Radial and vertical dust transport inhibit refractory carbon depletion in protoplanetary disks

TL;DR

This study evaluates how vertical and radial dust transport in protoplanetary disks affects refractory carbon removal, finding that radial transport prevents depletion and other mechanisms are needed for observed carbon levels.

Contribution

It provides a detailed model of dust transport and assesses the effectiveness of oxidation and photolysis in depleting refractory carbon in disks.

Findings

Vertical transport can enable carbon removal in certain conditions.

Radial transport prevents depletion, maintaining uniform carbon distribution.

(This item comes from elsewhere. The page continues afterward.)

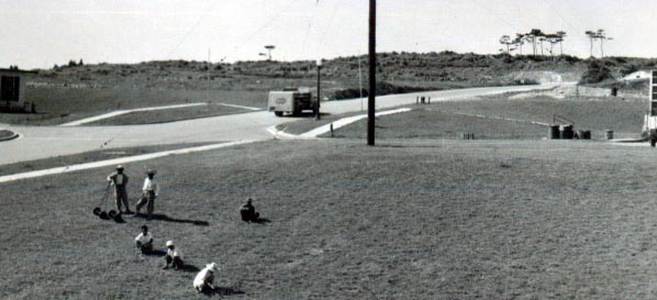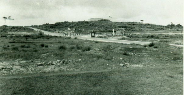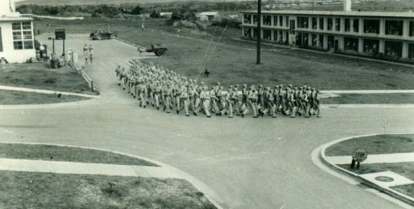| View (below) of Sobe Sta Man Gate from Bks three, troops on forced march, playing Army for Maj Treffery, making blisters - bummer!!!! This view across vacant area where club/pool etc were later constructed - must have been nice!! |

Surface mechanisms alone are insufficient to explain observed carbon depletion.

Abstract

The Earth is strongly depleted in carbon compared to the dust in the ISM, implying efficient removal of refractory carbon before parent body formation. It has been argued that grains get rid of their carbon through oxidation and photolysis in the exposed upper disk layers. We assess the efficacy of these C-removal mechanisms accounting for the vertical and radial transport of grains. We obtain the carbon and carbon free mass budget of solids by solving two 1D advection-diffusion equations, accounting for the dust grain size distribution and radial transport. The carbon removal acts on the fraction of the grains that are in the exposed layer and requires efficient vertical transport. In models without radial transport, oxidation and photolysis can destroy most of the refractory carbon in terrestrial planet formation region. But it only reaches the observed depletion levels for extreme parameter combinations and requires that parent body formation was delayed by 1 Myr. Adding radial transport of solids prevents the depletion entirely, leaving refractory carbon equally distributed throughout the disk. It is unlikely that the observed carbon depletion can ultimately be attributed to mechanisms operating on small grains in the disk surface layers. Other mechanisms need to be studied, for example flash heating events or FU Ori outbursts in order to remove carbon quickly and deeply. However, a sustained drift barrier or strongly reduced radial grain mobility are necessary to prevent replenishment of carbon from the outer disk.